### Task statement
Would you write out the full listing exactly, without any pictures?

### Given data
################

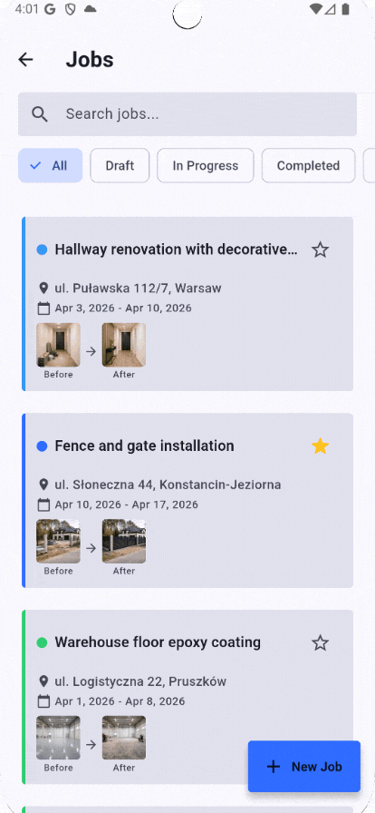 Photograph the site before you start and after you finish. JobDone pairs the photos automatically so the client sees exactly what changed. No more arguments about scope or quality.
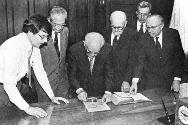 From left to right: Mark Hoffman, First Counselor to the First Presidency, N. Eldon Tanner, Prophet and President Spencer W. Kimball, Second Counselor to the First Presidency, Marion G. Romney, Apostle Boyd K. Packer, and Apostle Gordon B. Hinkley (sic)
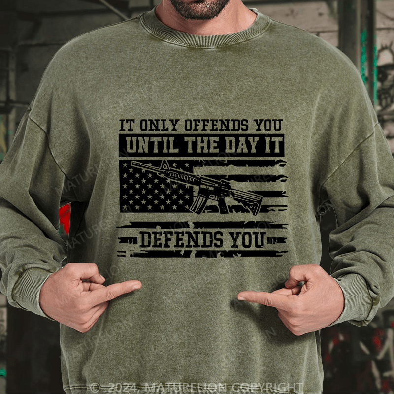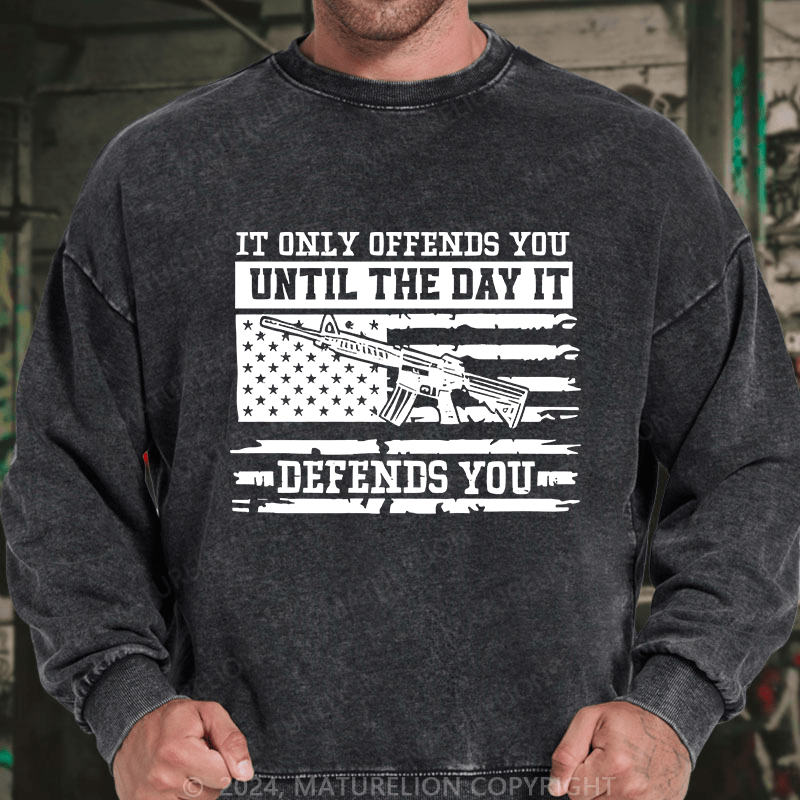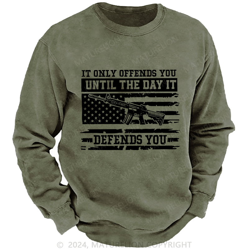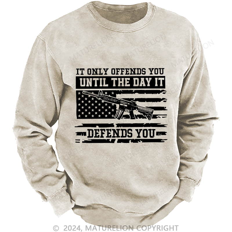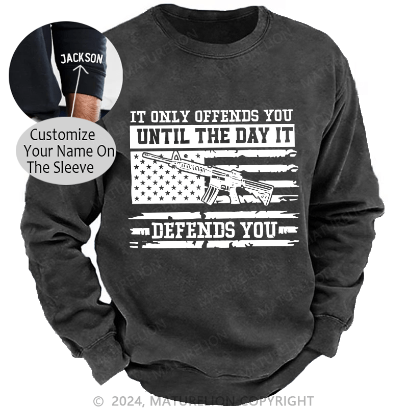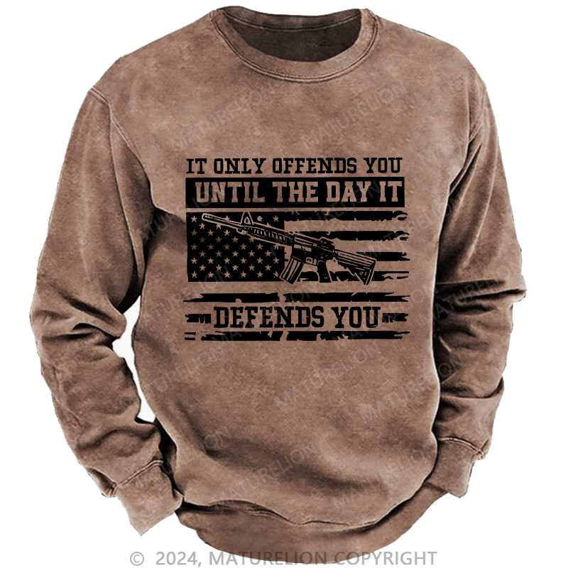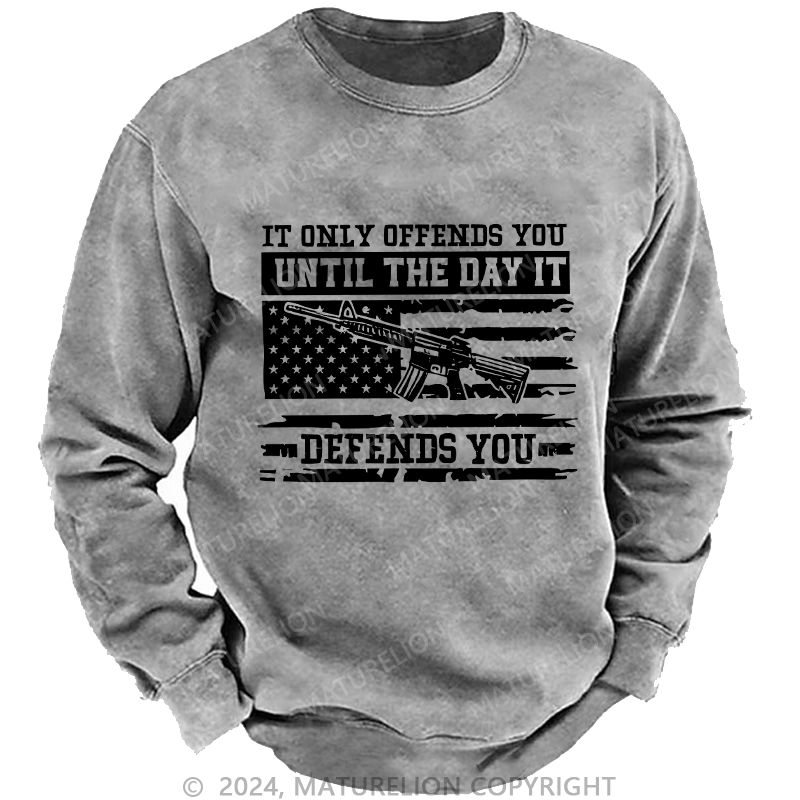 Maturelion Men's Sweatshirt It Only Offends You Defends You Custom Washed Sweatshirt

################

### Final answer
 Photograph the site before you start and after you finish. JobDone pairs the photos automatically so the client sees exactly what changed. No more arguments about scope or quality.
 From left to right: Mark Hoffman, First Counselor to the First Presidency, N. Eldon Tanner, Prophet and President Spencer W. Kimball, Second Counselor to the First Presidency, Marion G. Romney, Apostle Boyd K. Packer, and Apostle Gordon B. Hinkley (sic)
 Maturelion Men's Sweatshirt It Only Offends You Defends You Custom Washed Sweatshirt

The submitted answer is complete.